When Muti first stepped in front of an orchestra at the age of 20 in his native Naples, he knew he had found his calling. In 1968 he was hired as music director of Florence’s Maggio Musicale music festival, in 1972 he was named principal conductor of London’s Philharmonia Orchestra, in 1980 he became the conductor of the Philadelphia Orchestra, and by 1987 he was appointed music director of Milan’s La Scala – the high temple of opera in Italy.
Currently he’s touring North America with the Vienna Philharmonic Orchestra: he’ll lead the VPO tonight at Toronto’s Roy Thomson Hall. Muti has enjoyed a 36-year association with the VPO, and speaks with deep respect for its players. “Since the time of Beethoven, there’s been an uninterrupted musical tradition in this orchestra,” he explains. “They’ve kept their unique timbre and phrasing, in a world where many orchestras lack a distinctive personality. The Vienna Philharmonic is one of the very few orchestra that’s still able to maintain its traditions.”
He’s not, however, the music director of the Vienna Philharmonic (the VPO is a musician-run ensemble that doesn’t have a full-time conductor), nor is he the music director of anything else, these days. After a lifetime of steady career ascent, Muti took a steep tumble last April, when he was publicly forced from his position at La Scala.
It was a palace coup of operatic proportions. “Dismission!” chanted the theatre’s musicians and staff, as they voted almost unanimously to demand Muti’s resignation. After a few weeks of defiant posturing – Muti refused to step down, but he also refused to conduct La Scala’s orchestra – the celebrated conductor threw in the towel.
The ostensible cause of the rift between him and La Scala was Muti’s move to replace the theatre’s general manager, Carlo Fontana, with Mauro Meli, an administrator perceived as more supportive of Muti. Viewing this act as an aggressive power play, the musicians and staff closed ranks against their maestro. But the roots of the dispute ran deeper than that, to the core of his artistic and personal ethos. Muti built his career on pure talent, hard work, a keen intellect, and a deep respect for both tradition and composers’ intentions. For him, it’s all about the music – and it’s just about the music. And he expects no less from others.
Stories about his fiercely uncompromising nature abound. Once, when La Scala’s orchestra threatened to go on strike, he gave a performance of La Traviata anyway, playing the score himself on a piano in the orchestra pit.
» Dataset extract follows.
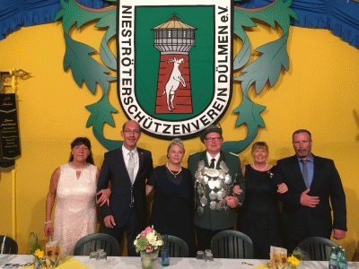 v.l.n.r.: Mundschenkpaar Barbara und Stefan Kreuznacht Königspaar Melanie Helsker und Volker Nagel Ehrenpaar Rita Nagel und Patrick Hesker
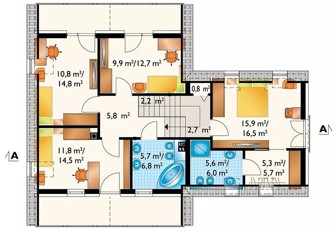 - Wentylacja: niezależne rekuperatory w sypialniach i łazienkach

On another occasion, he refused to conduct La Forza del Destino at London’s Covert Garden because he didn’t agree with proposed changes to the scenery.
And while his downfall was a shocking surprise to the classical music world, the shrewdly insightful Muti may have seen it coming. “They crucify you while you’re here, and canonize you later,” he told Opera News magazine back in 1999. “I will be a saint too, once they do me in.” For someone who claims to be essentially apolitical, he knows a lot about politics.
A year ago, those close to Muti said he was “very bitter” about the rebellion against him. But today he seems unperturbed about his ejection from the opera houe he ran for nearly two decades. “For 19 years La Scala was very good and very strong,” he says, without emotion. “Then, at a certain point, things that have nothing to do with artistic matters entered, and the situation became very rough. For 19 years I was able to keep political interference out of the theatre. But when the situation changed internally and externally, then there was no reason to stay any more.”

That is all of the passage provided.